What to work on » Copy, word for word, the lines below from the one containing "一个是 Faster R-CNN,它会将兴趣点框出来,然后再进行物体识别,找到是不是你想要识别的物体;另一个是更为快速的" up to and including the one containing "Low-top lace-up sneakers", with pictures left out.

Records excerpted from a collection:
════════

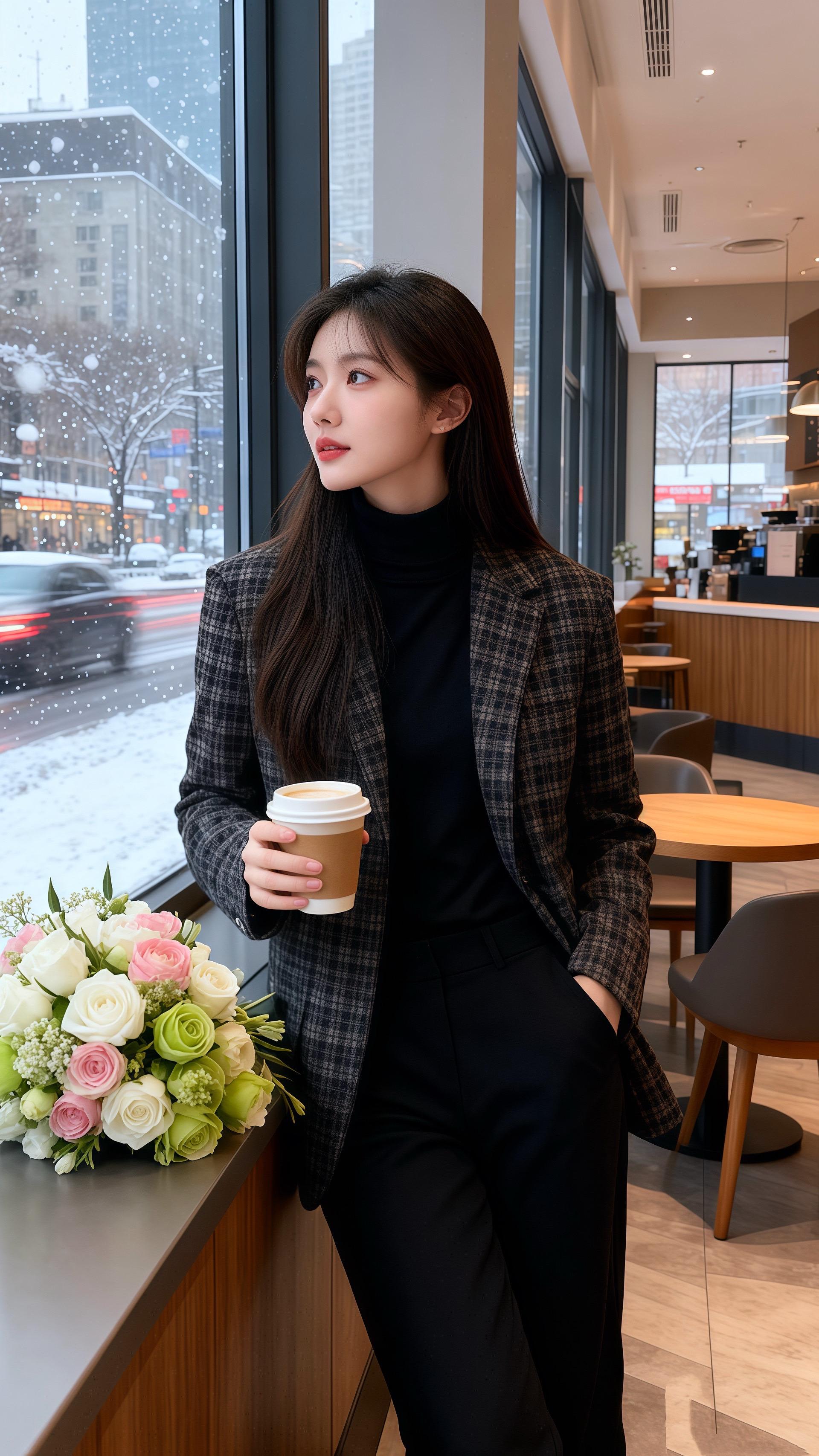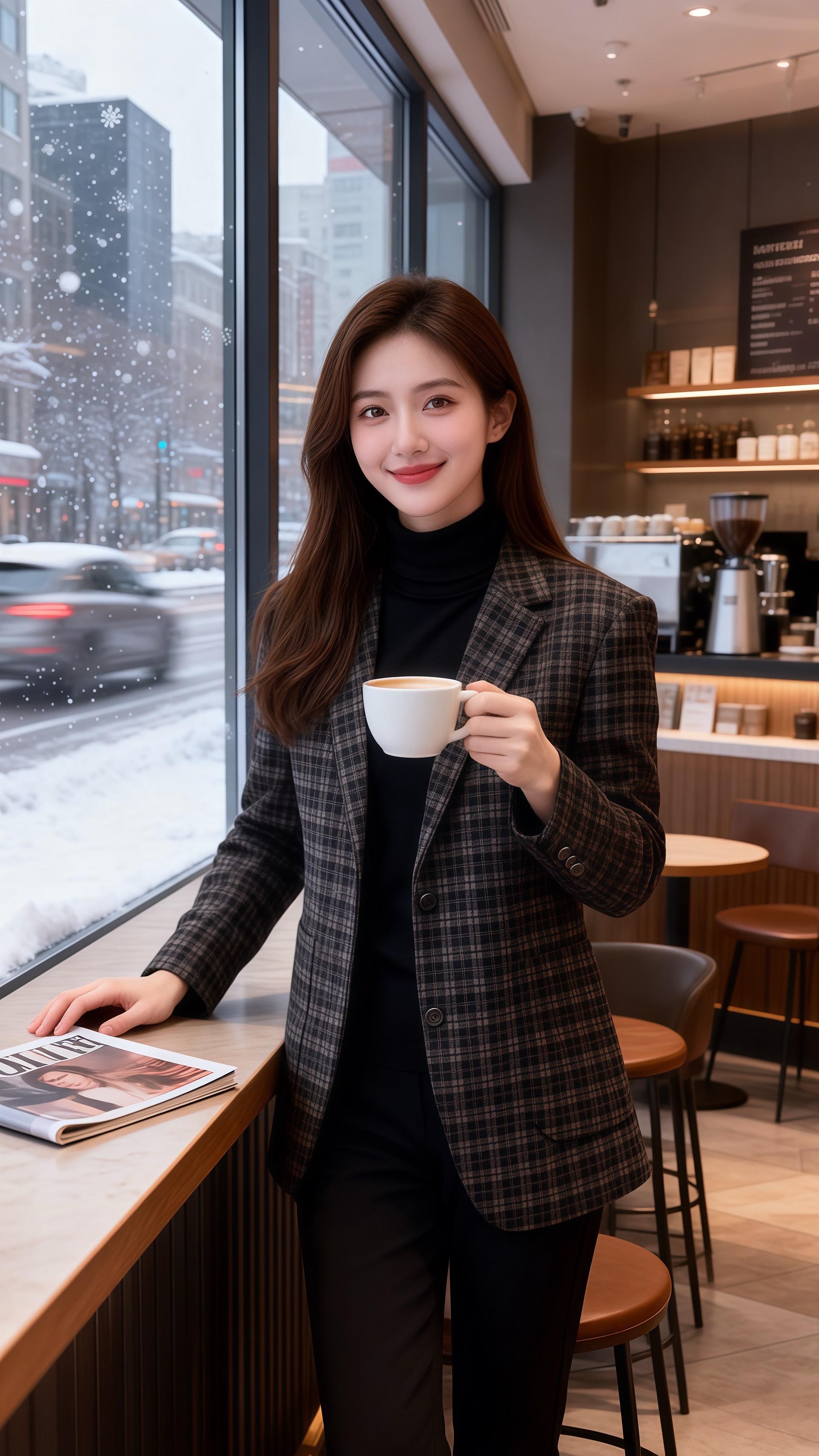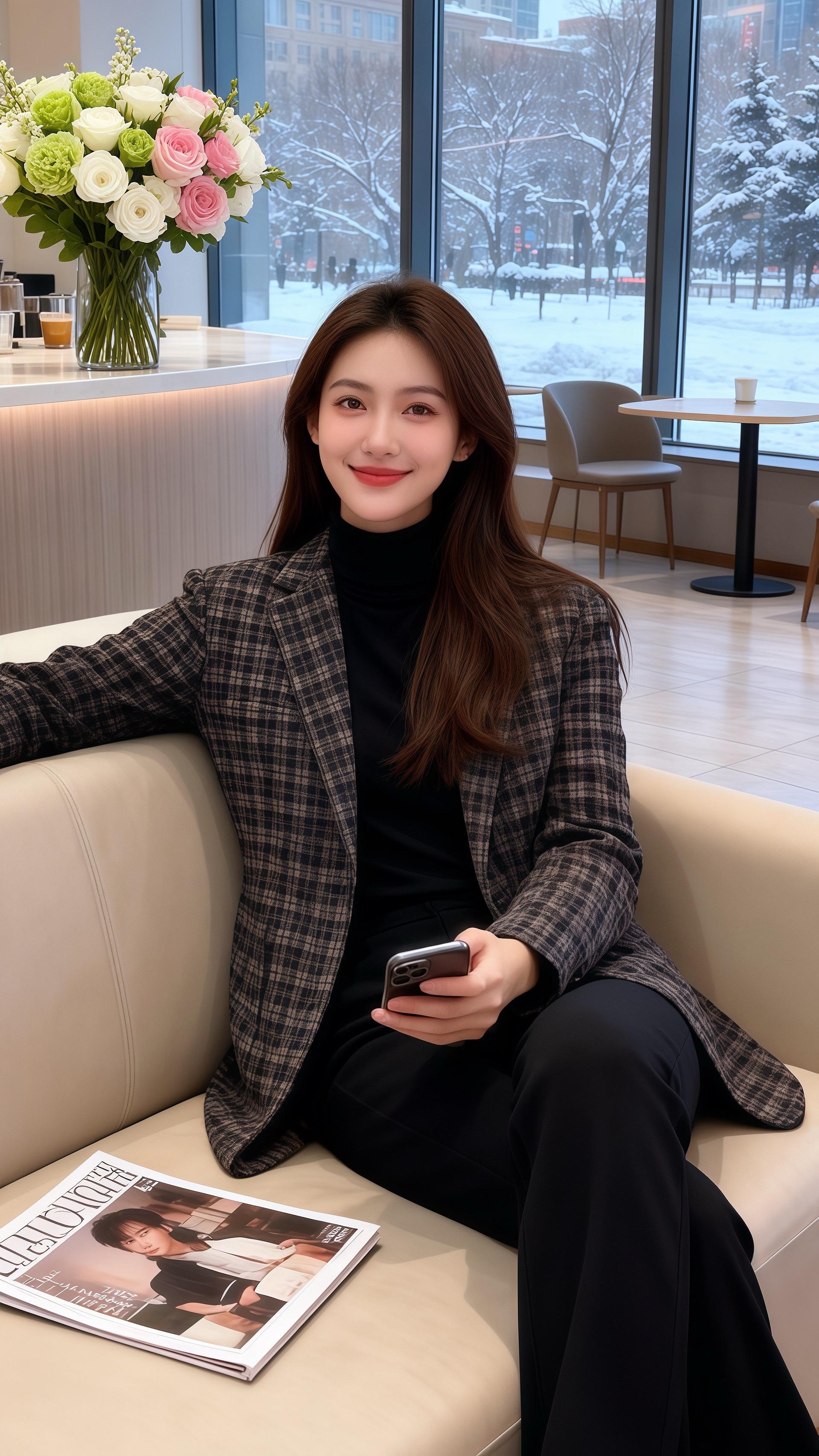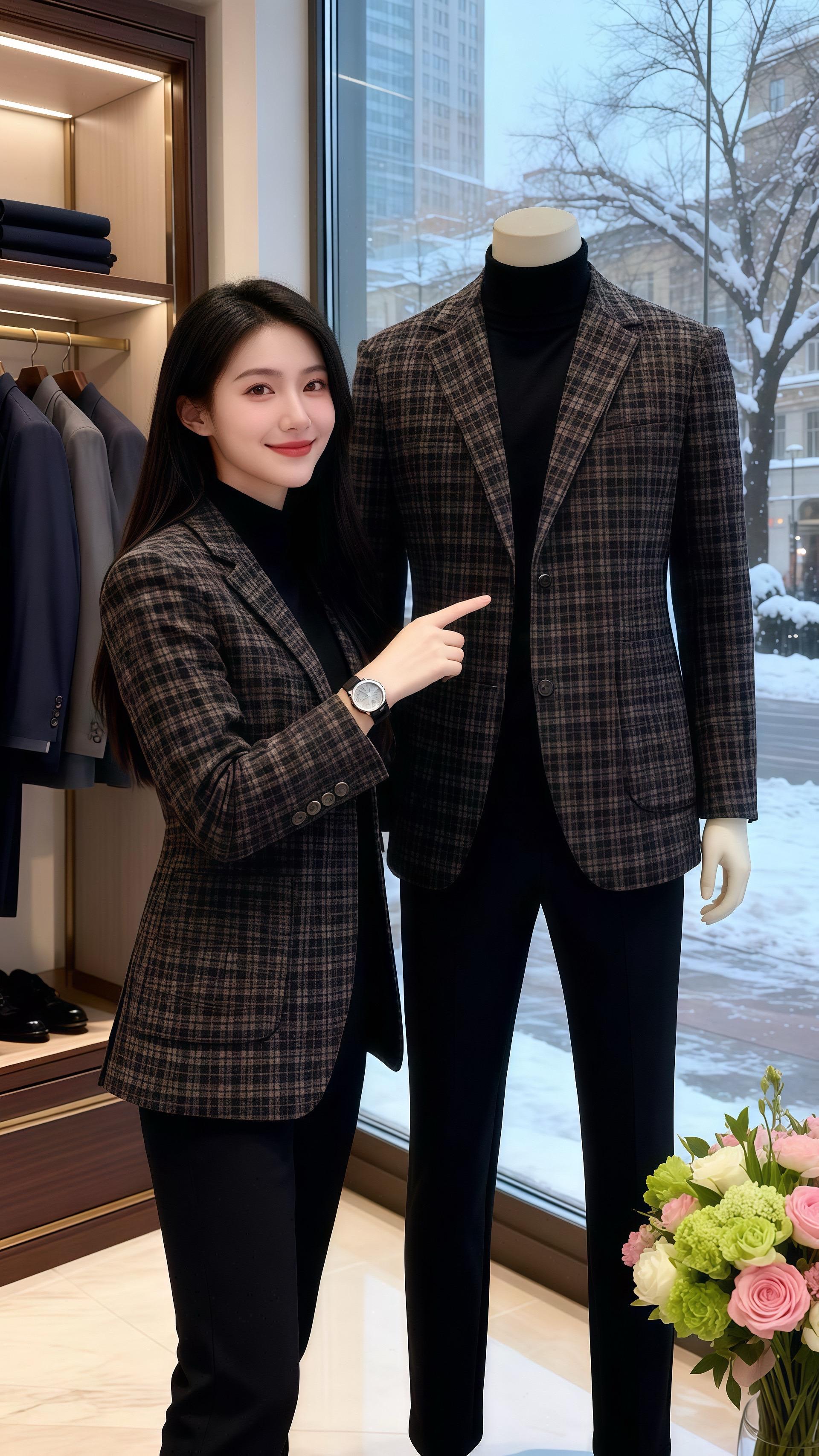 她穿黑灰格纹西装,细密的格纹纹理让衣身显得精致又有质感,翻领版型衬得肩线利落,单排扣设计简约大气。内搭黑色高领衫,贴合身形的剪裁勾勒出温婉的脖颈线条,下配黑色长裤,裤型挺括却不生硬,整身穿搭像冬日里的炭焙乌龙,沉稳的格纹糅合着黑的深邃,藏着干练又温柔的气质。
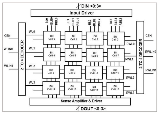 Block diagram of 4 × 4 memory array with peripheral circuits.
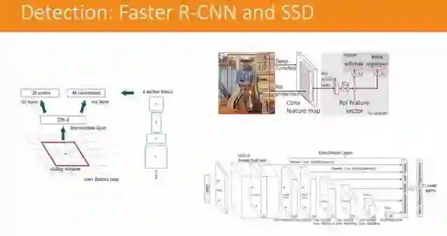 一个是 Faster R-CNN,它会将兴趣点框出来,然后再进行物体识别,找到是不是你想要识别的物体;另一个是更为快速的 SSD,也是将图中的物体识别出来。
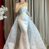 💍 Phần ngực trễ vai sang trọng, phối đính pha lê lấp lánh trải dài xuống thân váy như những tia sáng, giúp nàng rạng rỡ dưới mọi ánh nhìn.
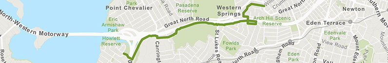 The path starts at the Grey Lynn shops and heads down Tuarangi Road onto Ivanhoe Road.
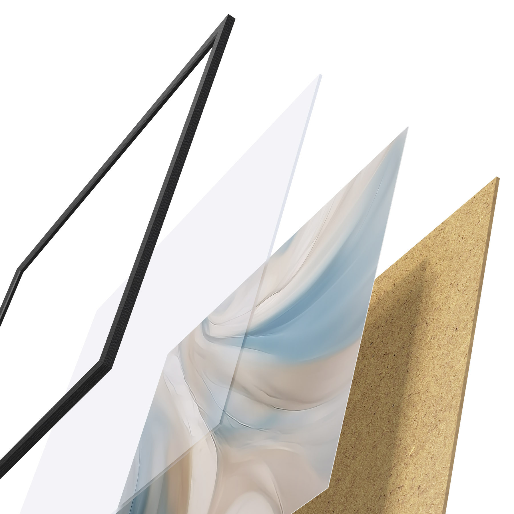 De poster bestaat uit een frame, plexiglas, geprinte afbeelding en spaanplaat achterkant. De poster kan meteen aan de muur worden gehangen dankzij de bevestigingen op de achterkant.
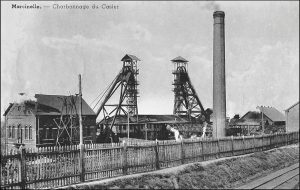 Op de prentkaart van voor de Tweede Wereldoorlog is de kolenmijn afgebeeld met de twee torens boven de liftschachten. Toestemming om in Marcinelle met de mijnbouw te beginnen werd in 1822 gegeven door koning Willem I der Nederlanden. De mijn werd genoemd naar de eerste eigenaar van het terrein Jean-Baptiste De Cazier die in 1812 was overleden. De mijn werd gesloten in 1891 vanwege grauwvuur, een explosie van kolenstof, vergelijkbaar met mijngas. In 1899 werd de mijn weer in bedrijf gesteld door een nieuwe eigenaar. Een derde mijnschacht werd geboord vanaf 1954 maar was in 1956, toen de ramp plaatsvond, nog niet geheel gereed.
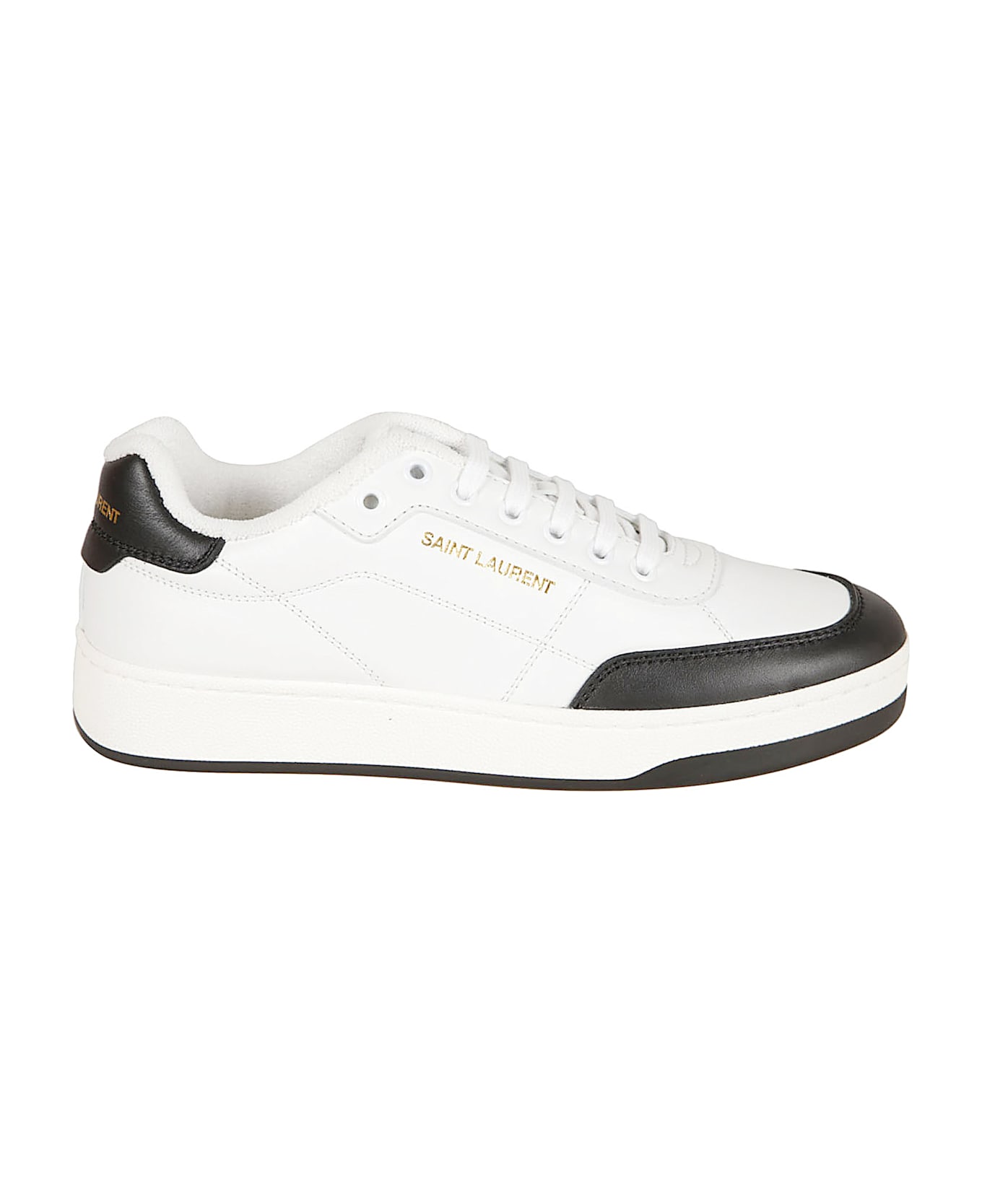 Low-top lace-up sneakers with gold SAINT LAURENT signature on the side and heel counter, and SAINT LAURENT signature appliqué on the tongue. Composition: 100% Domesticated Calf Leather
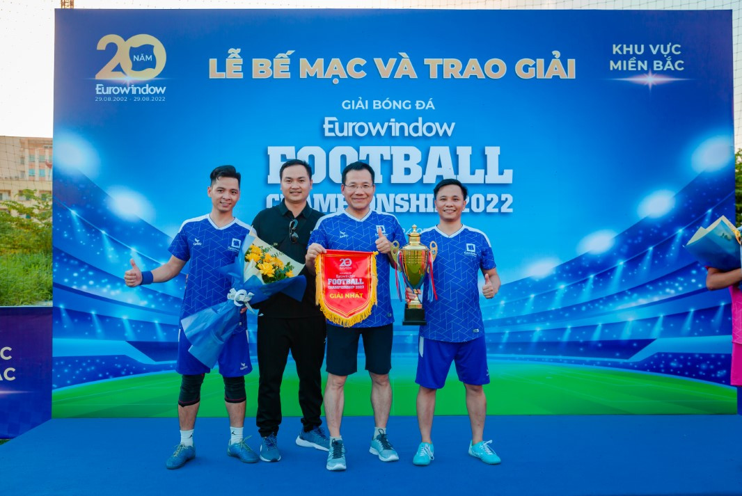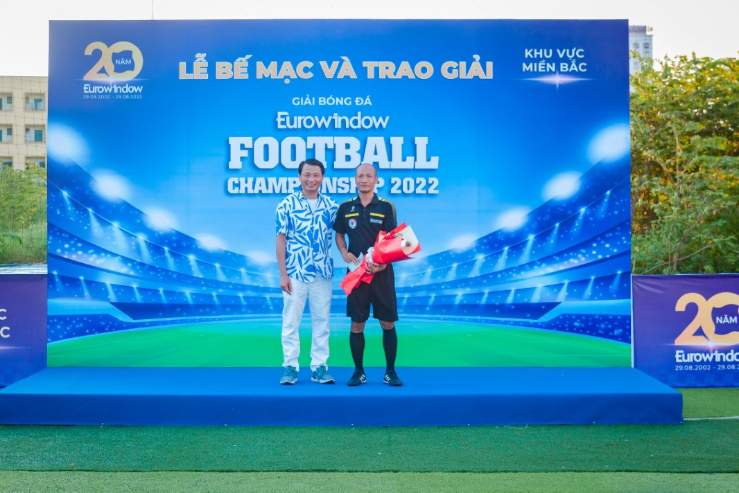 Cũng trong khuôn khổ lễ bế mạc, Phó Tổng Giám đốc cùng lãnh đạo các phòng ban đã thay mặt Ban lãnh đạo công ty trao thưởng cho 4 đội bóng xuất sắc nhất và tặng hoa cảm ơn Tổ trọng tài. Giải bóng đá Eurowindow Football Championship 2022 đã khép lại với nhiều niềm vui và tiếc nuối, nhưng dấu ấn đậm nét nhất chính là tinh thần thể thao đoàn kết và cao thượng của các cầu thủ Eurowindow.

════════

Exercise output »
 一个是 Faster R-CNN,它会将兴趣点框出来,然后再进行物体识别,找到是不是你想要识别的物体;另一个是更为快速的 SSD,也是将图中的物体识别出来。
 💍 Phần ngực trễ vai sang trọng, phối đính pha lê lấp lánh trải dài xuống thân váy như những tia sáng, giúp nàng rạng rỡ dưới mọi ánh nhìn.
 The path starts at the Grey Lynn shops and heads down Tuarangi Road onto Ivanhoe Road.
 De poster bestaat uit een frame, plexiglas, geprinte afbeelding en spaanplaat achterkant. De poster kan meteen aan de muur worden gehangen dankzij de bevestigingen op de achterkant.
 Op de prentkaart van voor de Tweede Wereldoorlog is de kolenmijn afgebeeld met de twee torens boven de liftschachten. Toestemming om in Marcinelle met de mijnbouw te beginnen werd in 1822 gegeven door koning Willem I der Nederlanden. De mijn werd genoemd naar de eerste eigenaar van het terrein Jean-Baptiste De Cazier die in 1812 was overleden. De mijn werd gesloten in 1891 vanwege grauwvuur, een explosie van kolenstof, vergelijkbaar met mijngas. In 1899 werd de mijn weer in bedrijf gesteld door een nieuwe eigenaar. Een derde mijnschacht werd geboord vanaf 1954 maar was in 1956, toen de ramp plaatsvond, nog niet geheel gereed.
 Low-top lace-up sneakers with gold SAINT LAURENT signature on the side and heel counter, and SAINT LAURENT signature appliqué on the tongue. Composition: 100% Domesticated Calf Leather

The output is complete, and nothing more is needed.